What’s one thing you’re really excited about when it comes to AI’s potential?
There’s benefits around AI being able to detect forest fires earlier, or detect cancer, for example. A little closer to the work I do, I’m very excited about using AI to improve product accessibility. It’s early days, but that’s something that’s very near and dear to my heart. For example, one of the models our research team is working on is a code-generation model. As we’re continuing to finetune this model, we’re looking at patterns of code for accessibility. You can imagine a future state of this model, where it nudges engineers with a prompt like, “Hey, we know that code is not accessible for people with low vision, for example, and here’s how to fix it.” That can make it so much easier to just build things right the first time.

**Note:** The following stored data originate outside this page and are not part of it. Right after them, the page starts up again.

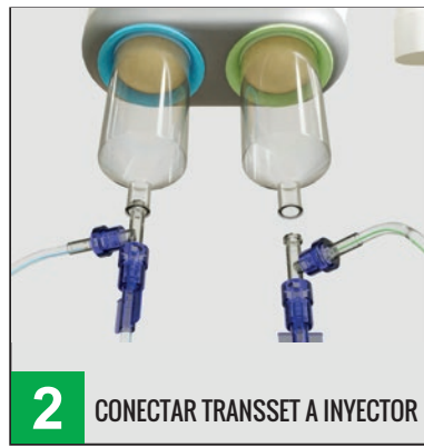
2 CONECTAR TRANSET A INYECTOR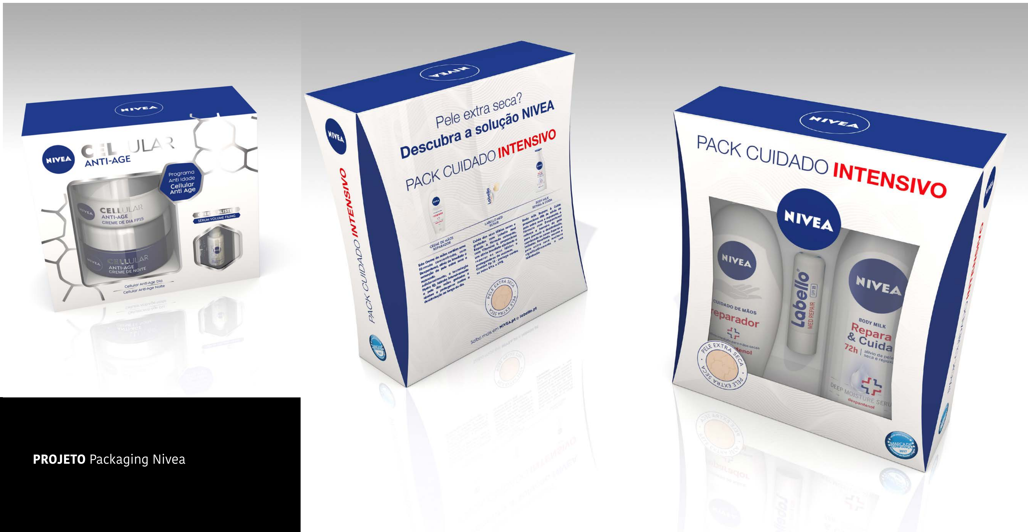
PROJETO Packaging Nivea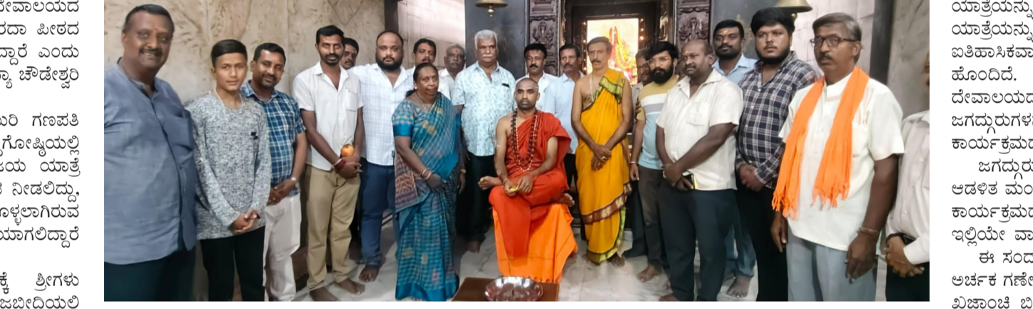
ಭಾನುವಾರ ಬೆಳಿಗ್ಗೆ 8ಂಟಿಗೆ ಶ್ರೀ ಚಂದ್ರಮೌಳೇಶ್ವರ ಪೂಜೆ ನಡೆಸಲಿದ್ದಾರೆ. ಇದಾದ ಬಳಿಕ ಚತುರ್ದಶಿ ಮಹಾಕುಂಭಾಭಿಷೇಕದ ಅಂಗವಾಗಿ ಹೋಮ ನಡೆಯಲಿದ್ದು, ಜಗದ್ಗುರುಗಳ ಅಮೃತ ಹಸ್ತದಿಂದ ಶ್ರೀ ಬಲಮುರಿ ಮಹಾಕುಂಭಾಭಿಷೇಕ ಹಾಗೂ ಮಹಾಪೂಜೆ ನಡೆಯಲಿದೆ. ನಂತರ ಗುರುಗಳಿಂದ ಅನುಗ್ರಹ ಭಾಷಣ ಹಾಗೂ ಫಲ ಮಂತ್ರಾಕ್ಷತೆ, ನೀಡಲಿದ್ದಾರೆ. ಜತೆಗೆ ಅನ್ನಸಂತರ್ಪಣೆಯನ್ನು ಸಹ ಏರ್ಪಡಿಸಲಾಗಿದೆ ಎಂದು ಜಗದ್ಗುರುಗಳು ಜೂನ್ ತಿಂಗಳಲ್ಲಿ ಧರ್ಮ ವಿಜಯ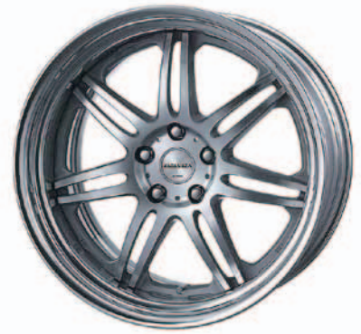
カットクリア (MSP) (STEP RIM) 19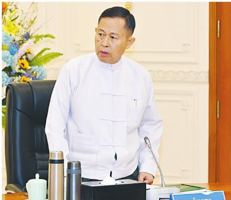
နိုင်ငံတော်စီမံအုပ်ချုပ်ရေးကောင်စီဒုတိယဥက္ကဋ္ဌ ဒုတိယဝန်ကြီးချုပ် ဒုတိယ ဝိုင်းချုပ်မျိုးကြီးစိုးဝင်း ဆွေးနွေးတင်ပြစဉ်။

ဆောင်ရွက်နိုင်ခဲ့ကြောင်း၊ ပြည်ပကြေးမြီ များကိုလည်း သုံးနှစ်တာကာလအတွင်း အမေရိကန်ဒေါ်လာ ၂ ဒသမ ၂ ဘီလီယံ ပြန်လည်ပေးဆပ်နိုင်ခဲ့ကြောင်း၊ ပြန်ဆပ်ငွေ အများစုမှာလည်း ယခင်အစိုးရအဆက်ဆက် ချေးယူခဲ့သည့် အရင်းငွေများဖြစ်ကြောင်း။ စိုက်ပျိုးရေးထုတ်ကုန်များ တိုးတက် ထုတ်လုပ်နိုင်ရေး ဆောင်ရွက်ရာတွင် နှိုင်းကောင်းချီးမြှင့်ခြင်း၊ ပန်းတိုင် ရည်မှန်းချက် အထွက်နှုန်းတိုးတက်အောင် ဆောင်ရွက်ခြင်း၊ သီးထပ်စွမ်းအားတိုးချဲ့၍ အထွက်နှုန်းတိုးတက်အောင် ဆောင်ရွက် ခြင်းဟု အပိုင်း သုံးခုရှိရာ မိမိတို့အစိုးရ အနေဖြင့် ပန်းတိုင်ရည်မှန်းချက် အထွက် နှုန်းတိုးတက်အောင် ဆောင်ရွက်ခြင်းနှင့် သီးထပ်စွမ်းအားတိုးချဲ့၍ အထွက်နှုန်း တိုးတက်အောင် ဆောင်ရွက်ခြင်းတို့ကို အထူးအလေးထား ဆောင်ရွက်လျက်ရှိ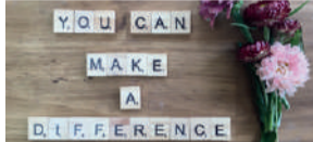
You can make a difference P7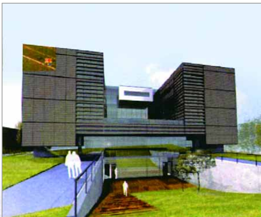
Perspectiva del nou edifici La Masia que es construirà a la Ciutat Esportiva Joan Gamper

L'antiga masia, que va ser inaugurada al 1979 deixarà així de fer la seva funció de residència i passarà a ser un edifici institucional del club. L'antiga casa pairal es convertirà en una seu social corporativa del club barcelonista.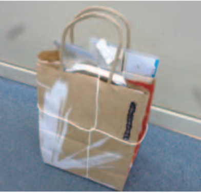
■雑がみの出し方の一例

新座市障がい福祉計画について 問 ①次期計画の中で障がい者福祉施策をどのように充実させていくのか、市の考えを伺う。②県内でも、市街化調整区域に障がい者グループホームの建設を許可する自治体がある。本市でも、検討すべきと考えるがどうか。 答 ①施設整備を始めとした課題が山積しているが、サービス量の充実も含めて、今後も障がい者福祉施策の充実に努めていく。②引き続き、埼玉県の審査基準に基づき許可をしていく考えであり、市街化調整区域での障がい者グループホームの建設を許可する考えは現時点では持っていない。

There’s lots of fear around AI and job loss, but where do the job opportunities exist?
I can imagine for someone that’s not involved in this space that it could seem daunting, like, “Oh, this technology is so complex,” but we—AI start-ups, tech companies and AI leaders—are collectively inventing it together. It’s really like the first inning of the game. We need many diverse perspectives at the table. We definitely need more AI ethicists, but I think we also need to build that consciousness across the board. I am really passionate, for example, about working with our ecosystem around how we scale up and implement technology responsibly. It’s a perfect time to get involved in this work.